The Suite's user base extends from the Imperial campuses to four innovation clusters that form the WestTech London innovation ecosystem. And because Imperial is Europe’s most international university, with collaborators in 190 countries, it provides Agilent with brand visibility that extends from London to the rest of the world.
To reinforce these benefits, the Suite provides technical advice, regular training sessions (430 delivered to date), external customer and partner visits (400+ tours to date), and has helped secure acknowledgements for Agilent in journals such as Nature , along with national television exposure on the BBC, HBO and Sky News.
Imperial and Agilent are now positioned to use continued expansion of WestTech London to bring Agilent to an even wider industrial and academic user base.
What happens when you combine technical capabilities far beyond a typical academic lab with the deep expertise and curiosity of a world top‑ten university?

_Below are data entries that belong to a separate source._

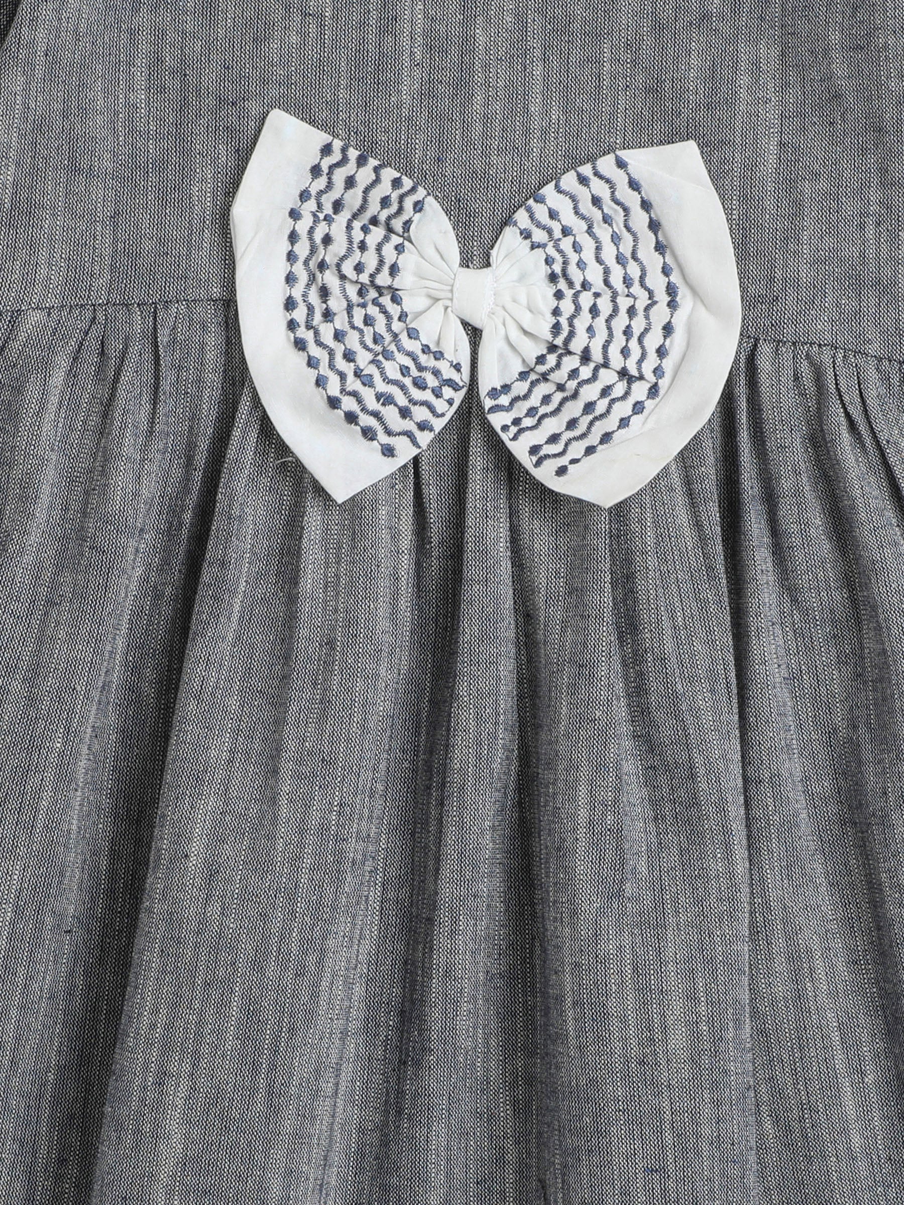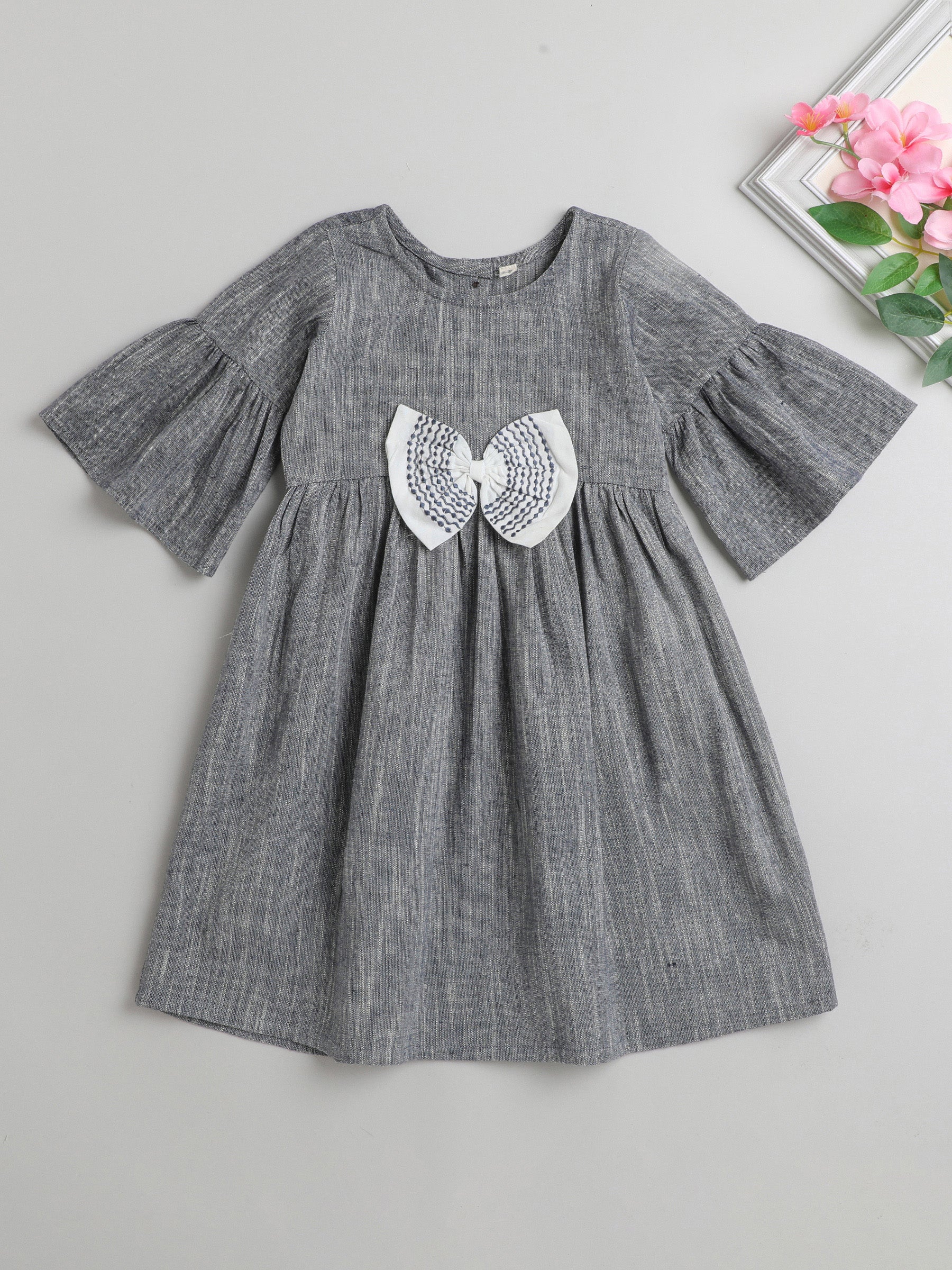Solid Short Frill Sleeves Emboriered Bow Detailing Dress For Girls- Grey
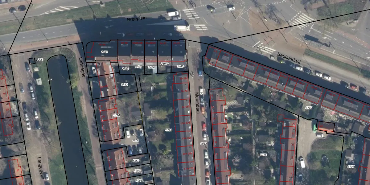 Het adres ligt op het perceel RTD05-V-5713, dat zich in de kadastrale gemeente Rotterdam bevindt. De gemiddelde perceeloppervlakte in de kadastrale gemeente Rotterdam is 1401,79 m². Dit perceel is met zijn 1631 m² dus groter dan gemiddeld. Het kleinste perceel in de kadastrale gemeente is 0 m² groot. De grootste perceeloppervlakte is 36,8 ha. Op het perceel liggen in totaal 14 adressen. De huidige grenzen van het perceel zijn digitaal in de Basisregistratie Kadaster (BRK) geregistreerd op 25-04-2019.
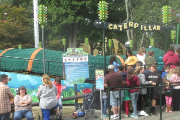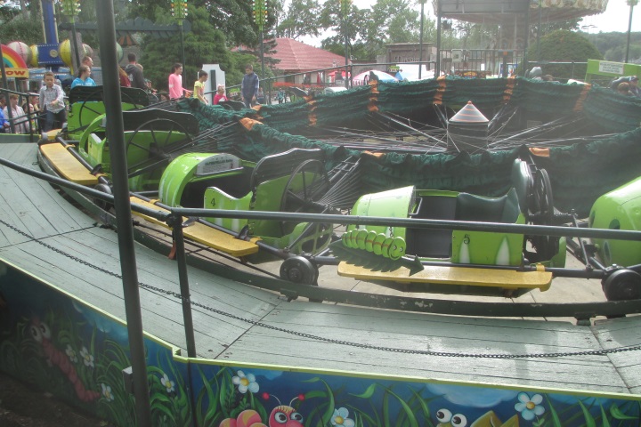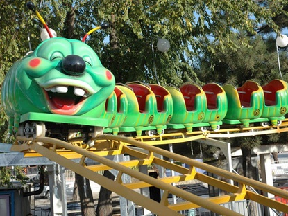 There is a more recent roller coaster ride whose coaster train is given the appearance of a caterpillar (complete with head and tail). It is sized for children, and is categorized as a "kiddie ride." (Photo credit: www.rideschina.com Zhengzhou Limeiqi Amusement Equipment Co. Ltd.)
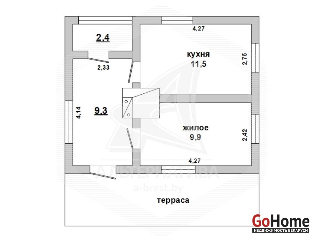 Коробка дачного дома жилого типа в Брестском р-не. 1980 г.п. Общ.СНБ - 33,1 кв.м, 1 комната.
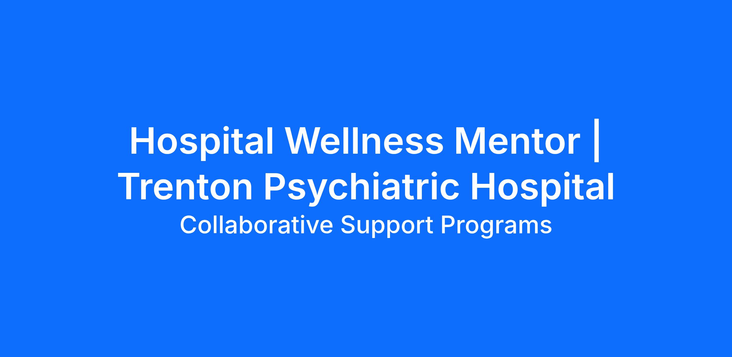 CSPNJ, a mental health nonprofit agency, has a part-time Hospital Wellness Mentor opening based on the grounds of Trenton Psychiatric Hospital. The Wellness Mentor delivers individual and group peer support, socialization and recreational activities at the wellness center located on the grounds of the State Psychiatric Hospital. Under the supervision of the center Hospital Manager, works with other wellness provider(s) to run day-to-day operations of the wellness center, helps coordinate with hospital staff as needed and assists with community relations and other related activities.
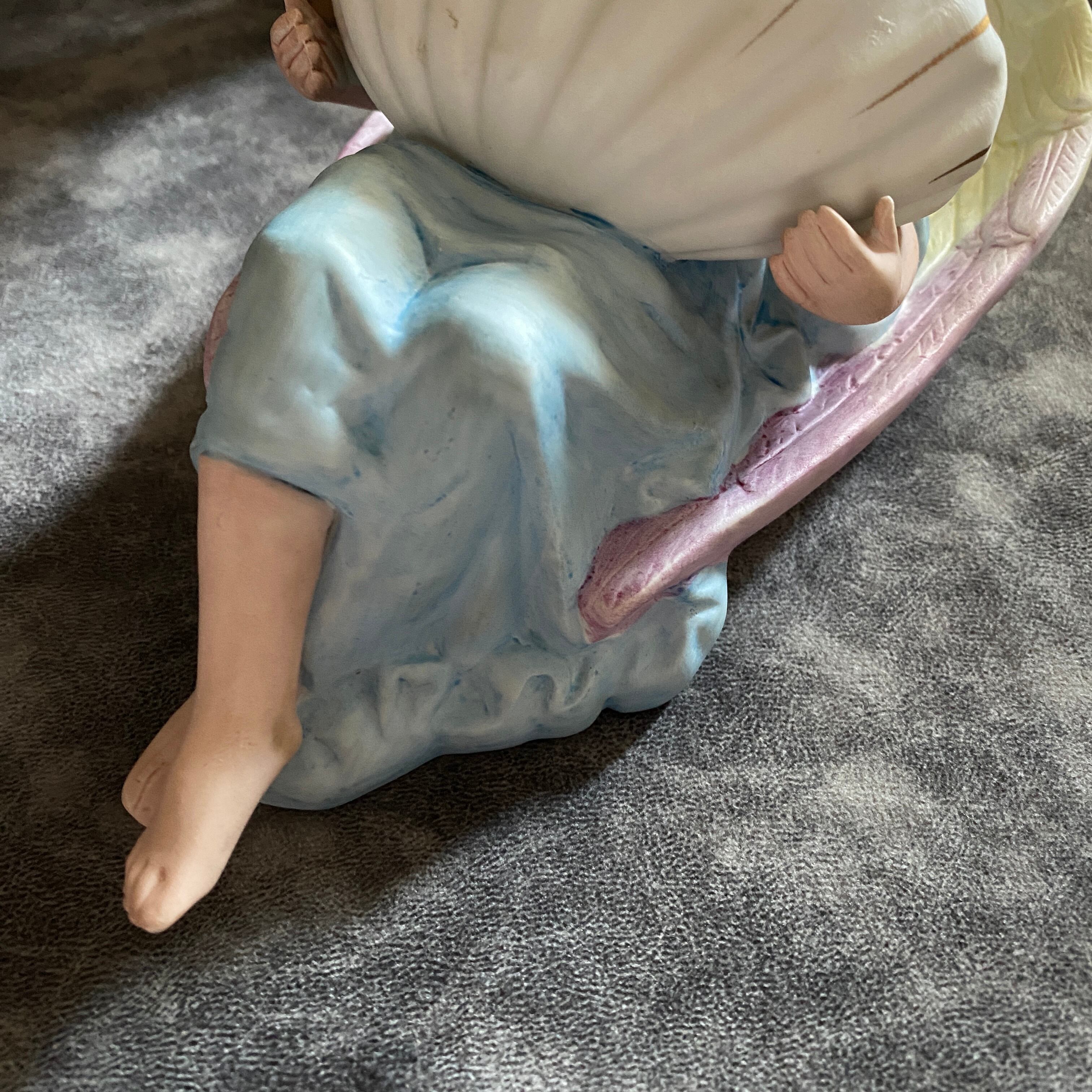 淡いパステルトーンで丁寧に塗られた翼と衣の色合いが、

Our partnership with Agilent is providing the answer: not just groundbreaking research, but a world-changing innovation ecosystem. With Agilent as a driving force in the rapid growth of WestTech London, I’m excited to see what we can achieve next.
Metrics since 2019
1,200+
Users supported
500+
Projects
400+
Customer and partner visits
10,000+
Walk up samples analysed
430
Training sessions
£200m+
Funding supported
The AMS sits at the heart of the new White City Campus, which itself anchors a larger west London innovation ecosystem.
The AMS sits at the heart of the new White City Campus, which itself anchors a larger west London innovation ecosystem.
A growing ecosystem
The AMS has already been pivotal in Imperial’s journey to build a new London ecosystem for deep technology innovation, and is now set to be central to the emergence of a global powerhouse.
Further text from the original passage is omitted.